User Login Notification

The User Login Notification model is an automated workflow that sends email notifications to users when they log into the system. It captures relevant login information including the user's IP address, geolocation, and browser details, then sends this information via email for security monitoring purposes.

  • Automatically triggers on user login events.

  • Captures user IP address and geolocation data.

  • Retrieves browser and device information from User-Agent headers.

  • Sends formatted email notifications with login details.

  • Includes fallback handling for geolocation service failures.

User Login Notification Workflow Sequence
Workflow sequence - User Login Notification

How It Works

The workflow follows these steps:

1. Event Trigger

The model activates when a user successfully logs into the system.

2. Data Collection

Get Current User

  • Loads the logged-in user object into a token (logged_user) for use throughout the workflow

Get User-Agent Header

  • Captures the User-Agent HTTP header

  • Stores browser and OS information in the logged_user_agent token

  • This data helps identify the device and browser used for login

Get User IP Address

  • Retrieves the current user's IP address

  • Stores it in the logged_user_ip_address token

3. Geolocation Lookup

HTTP Request to Geolocation Service

  • Makes a GET request to https://api.ipwho.org/ip/[logged_user_ip_address]
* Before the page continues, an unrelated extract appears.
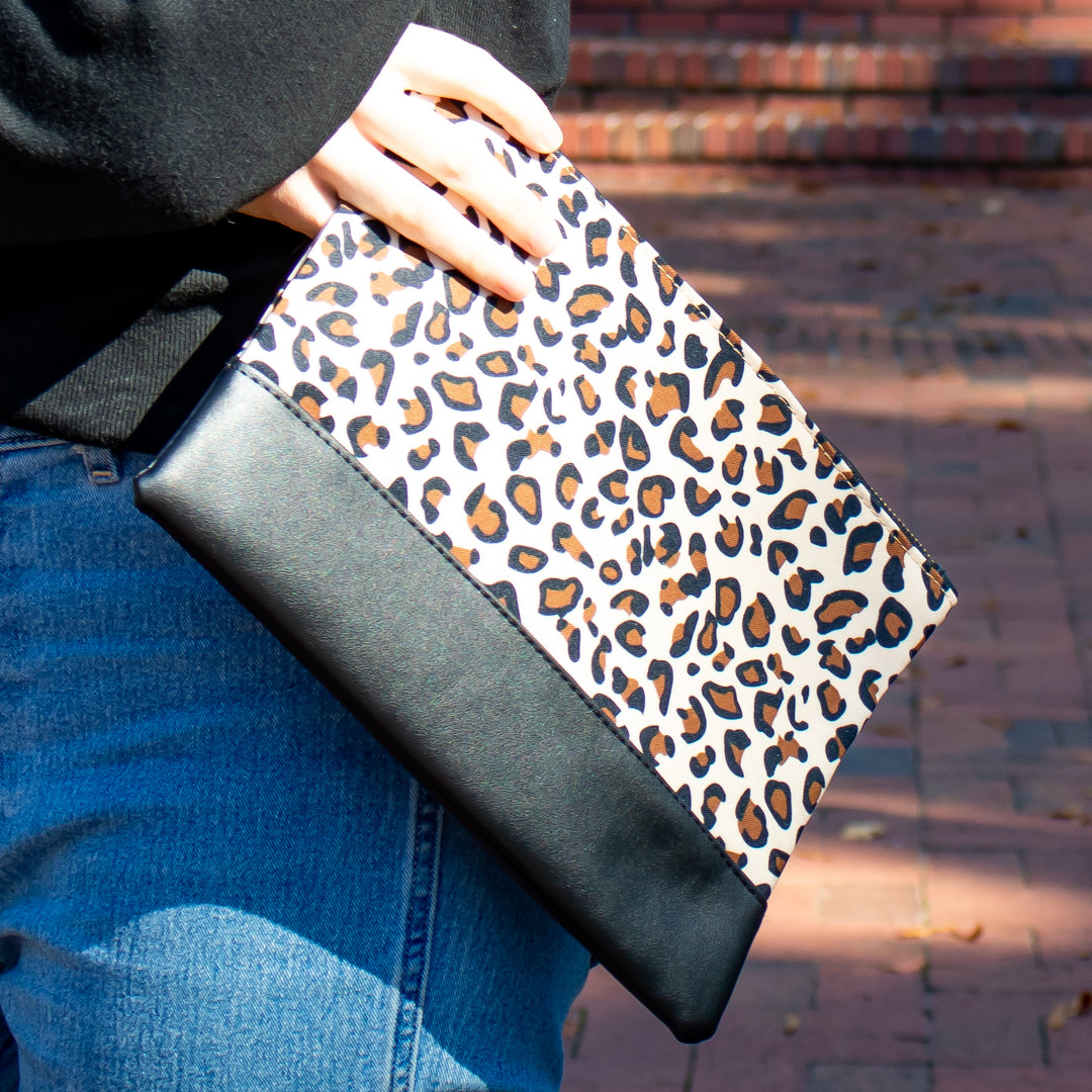 Animal print is in!!! Black faux leather adorns the lower portion of the bag and has also been fashioned into a long, flowing tassel style zipper pull. Finish the bag off with your favorite monogram design.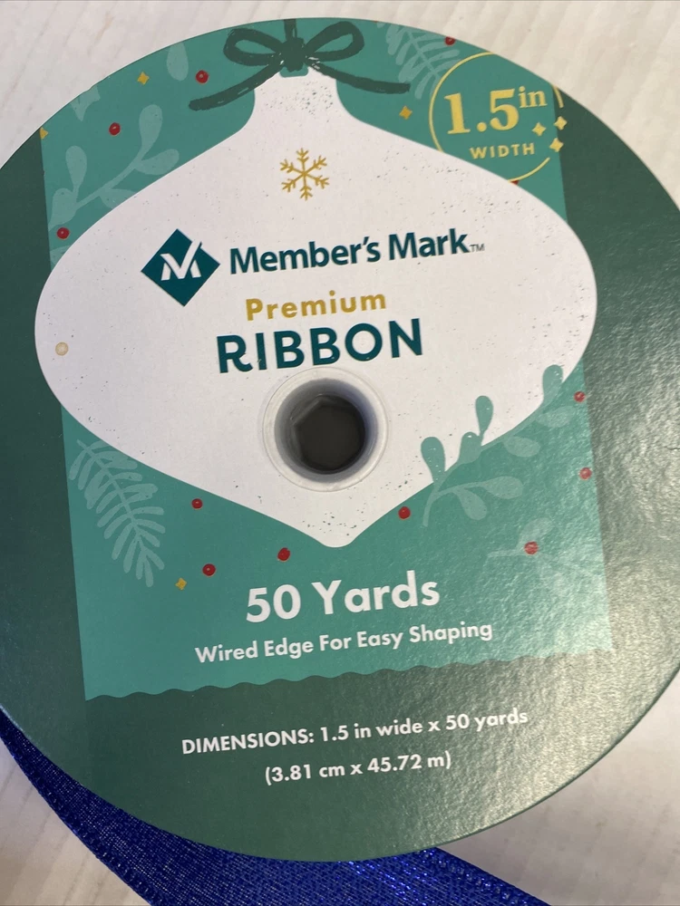 One roll of Members Mark Royal Blue Shimmery Wired Christmas Ribbon 50 Yards Long 1.5” Wide

  • Stores the response in the logged_user_ip_http_request token

  • Uses a free IP geolocation service to determine the user's location

Conditional Processing The workflow includes a decision gateway that handles the geolocation response:

  • Success Path: If the HTTP status is 200 and the response indicates success

    • Formats the location as: City, Region, Country

    • Stores formatted data in the logged_user_location token

  • Failure Path: If the status is not 200 or there's a client error

    • Sets logged_user_location to "No info"

    • Ensures the workflow continues even if geolocation fails

4. Email Creation and Delivery

Switch to Service User

  • Changes the execution context to a service account

  • Required to have proper permissions for creating and sending email entities

Create Login Notification Email

  • Creates an Easy Email entity using the login_notification template

  • Populates the email with collected data (user info, location, browser details)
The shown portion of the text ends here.